Сейчас он стоял на ступенях дома и так же, как и вчера, долго колебался, не зная, что делать дальше.
Но вчера все же было проще. Что-то всколыхнувшееся в душе толкнуло его к телу неподвижного мальчишки. А как мог поступить взрослый, разумный мужчина, увидев детское тельце, долго и неподвижно лежащее на мокрой земле?
И он стал подходить. Очень медленно подходить. Все еще надеясь, что кто-то из глупых мальчишек вернется. Может, даже побежит за родителями или кем-нибудь из старших.
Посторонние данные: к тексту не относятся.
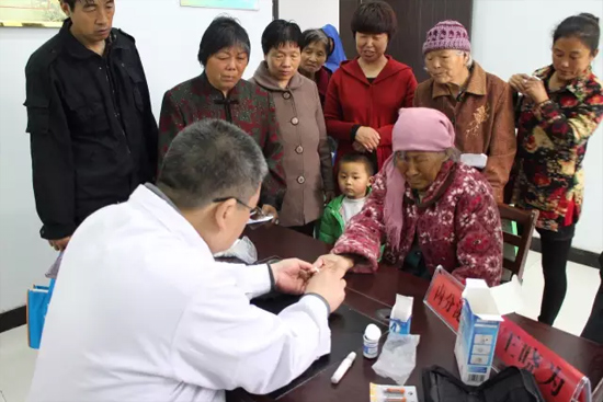 醫(yī)生正在為79歲的老奶奶測血糖
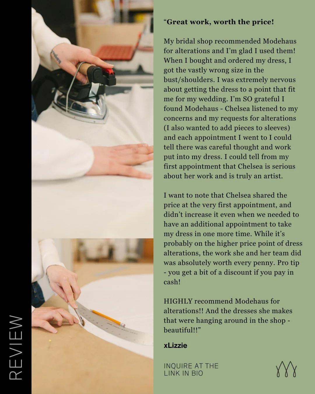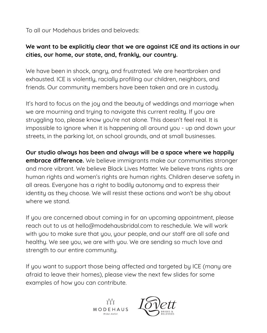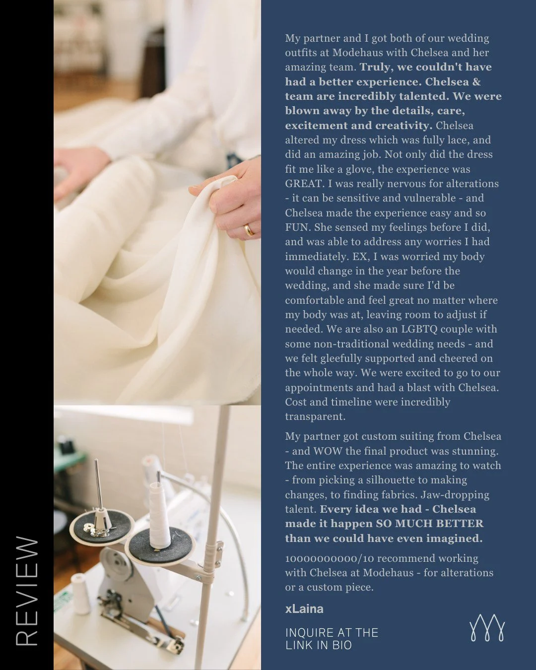 At Modehaus Bridal, we love love. No matter who you are or who you love, we want to be part of your big day. Whether that means fitting you for a modern, elegant gown from one of our collections or custom-designing a chic pant suit, we take pride in helping brides and beloveds express their best, most authentic selves.
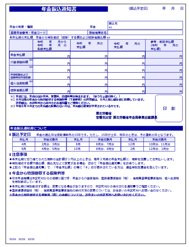 実際に振り込まれる金額については、「年金振込通知書」にて確認しましょう。

Но мальчишки больше и носа не показывали.
И тогда господин «Эй» склонился над малышом.
Тот дышал хрипло, с присвистом, все реже и реже. Волна жалости и грусти растревожила душу, обожгла сердце. Ему сразу все стало понятно. Шею малыша с левой стороны огромным бурым яйцом давила смертельная опухоль. Это она и прибавившийся к ней страх обездвижили тельце ребенка. Скоро он умрет и окажется в раю. Ведь путь детских душ направлен только в райские врата. Хотя бы в этом Бог справедлив и понятен. И ему, господину «Эй», нужно было умереть в младенчестве. Ведь тогда бы не пришлось пережить столько горести и не совершить столько грехов.
Он выпрямился и сложил в молитве руки. Захотелось произнести per Bacco и перекрестить отходящую душу, ведь ребенок отправлялся в рай. Мужчина уже произнес первые слова отходной молитвы, как вдруг глаза малыша широко распахнулись. В их глубине читалась мольба. В уголках детских глаз набухли хрустальные слезы и тихими ручейками поползли по щекам.
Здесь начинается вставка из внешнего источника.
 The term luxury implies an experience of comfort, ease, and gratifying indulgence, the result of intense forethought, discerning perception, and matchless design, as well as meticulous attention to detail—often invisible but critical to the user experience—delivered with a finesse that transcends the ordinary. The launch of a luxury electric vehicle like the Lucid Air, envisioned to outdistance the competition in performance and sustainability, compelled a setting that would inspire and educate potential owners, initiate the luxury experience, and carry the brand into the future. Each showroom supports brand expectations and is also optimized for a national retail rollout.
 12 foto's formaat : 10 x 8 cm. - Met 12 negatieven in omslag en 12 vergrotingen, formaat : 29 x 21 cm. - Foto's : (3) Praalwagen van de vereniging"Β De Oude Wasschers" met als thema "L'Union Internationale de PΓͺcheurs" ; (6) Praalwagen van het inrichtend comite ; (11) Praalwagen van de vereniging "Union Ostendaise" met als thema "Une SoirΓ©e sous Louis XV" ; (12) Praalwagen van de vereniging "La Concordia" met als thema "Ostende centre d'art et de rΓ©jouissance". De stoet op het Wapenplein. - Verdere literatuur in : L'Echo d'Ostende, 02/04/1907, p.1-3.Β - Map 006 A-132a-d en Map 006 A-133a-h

Господин «Эй» крепко прикусил нижнюю губу и, всхлипнув, зашмыгал своим большим уродливым носом. В его огромной голове затуманилось, и он поднял малыша на руки.
Затем, проклиная себя последними словами, он едва ли не бегом поспешил к своему убежищу…
Он так и просидел у стола всю ночь, тупо уставившись на окровавленный нож и ежесекундно ожидая человеческого воя и зарева факелов. И только когда в маленькое окошко, затянутое бычьим пузырем, постучался осенний мглистый рассвет, мужчина тяжело поднялся и вышел за дверь.
Но ни людей, ни их перекошенных в гневе лиц, ни колышущегося огня господин «Эй» не увидел. Он простоял долго. Затем, еще раз удивившись человеческому безразличию, вернулся к крепко спящему мальчишке.
За два часа до полудня мужчина сходил к ручью за водой и на обратном пути долго смотрел в сторону городских ворот. Так ничего и не поняв, он пожал плечами и принялся готовить на огне свои сложные горячие напитки.
И только к полудню господин «Эй» услышал голоса приближающихся людей. Он сразу же вышел им навстречу и увидел молодого лекаря и бюргермейстера, который, сердито ругаясь, требовал от трех стражников идти прямо к дому умершего палача.
Мужчина по привычке скрестил руки на груди и спокойно стал дожидаться того, что преподнесет ему судьба.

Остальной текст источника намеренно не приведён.